M2 is a broader concept of money supply in India than M1. In addition to the three items of M1, the concept of money supply M2 includes savings deposits with the post office savings banks. Thus,

M2 = M1 + Savings deposits with the post office savings banks.

The reason why money supply M2 has been distinguished from M1 is that saving deposits with post office savings banks are not as liquid as demand deposits with commercial and cooperative banks as they are not chequable accounts. However, saving deposits with post offices are more liquid than time deposits with the banks.

Money Supply M3 or Broad Money:

M3 is a broad concept of money supply. In addition to the items of money supply included in measure M1, in money supply M3 time deposits with the banks are also included. Thus

M3= M1+ Time Deposits with the banks.

It is generally thought that time deposits serve as store of value and represent savings of the people and are not liquid as they cannot be withdrawn through drawing cheque on them. However, since loans from the banks can be easily obtained against these time deposits, they can be used if found necessary for transaction purposes in this way. Further, they can be withdrawn at any time by forgoing some interest earned on them.

It may be noted that recently M3 has become a popular measure of money supply. The working group on monetary reforms under the chairmanship of late Prof.
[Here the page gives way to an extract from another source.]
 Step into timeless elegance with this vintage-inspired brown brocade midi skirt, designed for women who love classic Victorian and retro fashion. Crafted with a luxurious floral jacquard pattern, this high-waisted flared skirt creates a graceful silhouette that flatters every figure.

Sukhamoy Chakravarty recommended its use for monetary planning of the economy and setting target of the growth of money supply in terms of M3.
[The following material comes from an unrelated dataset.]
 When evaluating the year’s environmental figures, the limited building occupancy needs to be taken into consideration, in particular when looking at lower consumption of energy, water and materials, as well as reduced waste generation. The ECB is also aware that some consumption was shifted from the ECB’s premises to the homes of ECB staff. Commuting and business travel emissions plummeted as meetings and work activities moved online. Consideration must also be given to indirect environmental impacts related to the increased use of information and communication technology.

Therefore, recently RBI in its analysis of growth of money supply and its effects on the economy has shifted to the use of M3 measure of money supply. In the terminology of money supply employed by the Reserve Bank of India till April 1977, this M3 was called Aggregate Monetary Resources (AMR).

Money Supply M4:

The measure M4 of money supply includes not only all the items of M3 described above but also the total deposits with the post office savings organisation. However, this excludes contributions made by the public to the national saving certificates. Thus,

M4 = M3 + Total Deposits with Post Office Savings Organisation.

Let us summaries the four concepts of money supply as used by Reserve Bank of India in the following tabular form:

Money supply in India, Indian Financial System (Part -1)- Introduction to Indian Financial System | Indian Financial System - B Com

Determinants of Money Supply:

In order to explain the determinants of money supply in an economy we shall use M, concept of money supply which is the most fundamental concept of money supply. We shall denote it simply by M rather than M1. This concept of money supply is composed of currency held by the public (Cp) and demand deposits with the banks (D). Thus

M = Cp + D …(1)

Where, M = Total money supply with the public

Cp = Currency with the public

D = Demand deposits held by the public

The two important determinants of money supply as described in equation (1) are (a) the amounts of high-powered money which is also called Reserve Money by the Reserve Bank of India and (b) the size of money multiplier.

We explain below the role of these two factors in the determination of money supply in the economy:

1. High-Powered Money (H):

The high-powered money which we denote by H consists of the currency (notes and coins) issued by the Government and the Reserve Bank of India. A part of the currency issued is held by the public, which we designate as Cp and a part is held by the banks as reserves which we designate as R.

A part of these currency reserves of the banks is held by them in their own cash vaults and a part is deposited in the Reserve Bank of India in the Reserve Accounts which banks hold with RBI. Accordingly, the high-powered money can be obtained as sum of currency held by the public and the part held by the banks as reserves. Thus

H = Cp+ R …(2)

Where, H = the amount of high-powered money

Cp = Currency held by the public

R = Cash Reserves of currency with the banks.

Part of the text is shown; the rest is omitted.